Data Collection: will have to be manual and pieced together from various sources
** Pull lists of top California runners (on state course or local Crystal Springs XC course) 
** Determine where runners went to college and if they ran
** Obtain Athlete data - Name, DOB, Multi-Sport?, Years competing in HS?, Years Competing in MS?, Years Conmpeting in College?, Event Specialty, HS Events, College Events, GoPro? (Y/N), 
** Obtain High School data - School Name, Coach, Division/Size, Graduation Year, Location, Private/Public,  HS Event PRs
** Obtain College data - School Name, Coach, Division/Size, Graduation Year, Gap Year?, Location, In/Out of State?, Event PRS

Question: Is there a correlation or trend between where the athlete went to HS and College and whether that athlete will continue to develop/improve in their main (2) events? Do some high schools just create superstar runners? Do some colleges create superstar runners? Are there any factors that make it more likely to have a full HS/Collegiate running career? Prediction for who might go pro?
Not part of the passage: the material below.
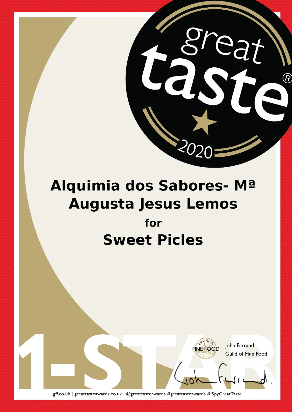 Medalha de ouro e melhor dos melhores na categoria de picles e similares, no concurso nacional de sal e condimentos tradicionais portugueses. Ver Certificado | Cert. Great Taste

# Standard Package Imports

In [3]:
import os
import sys
import pandas as pd
import numpy as np
import matplotlib
import matplotlib.pyplot as plt

#matplotlib.style.use("Solarize_Light2")
matplotlib.style.use("ggplot")

%matplotlib inline

# Standard functions utilized throughout the notebook

In [4]:
def check_null(df):
    """
    Returns percentage of rows containing missing data
    """
    return df.isna().sum() * 100/len(df)


def get_missing_dates(series, start_date, end_date, freq="D"):
    """
    Returns the dates which are missing in the series
    date_sr between the start_date and end_date
    
    series: Series consisting of date
    start_date: Start date in String format
    end_date: End date in String format
    """
    return pd.date_range(
        start=start_date, end=end_date, freq=freq).difference(series)


def check_duplicate(df, subset):
    """
    Returns if there are any duplicate rows in the DataFrame.
    
    df: DataFrame under consideration
    subset: Optional List of feature names based on which 
            duplicate rows are being identified. 
    """
    if subset is not None: 
        return df.duplicated(subset=subset, keep=False).sum()
    else:
        return df.duplicated(keep=False).sum()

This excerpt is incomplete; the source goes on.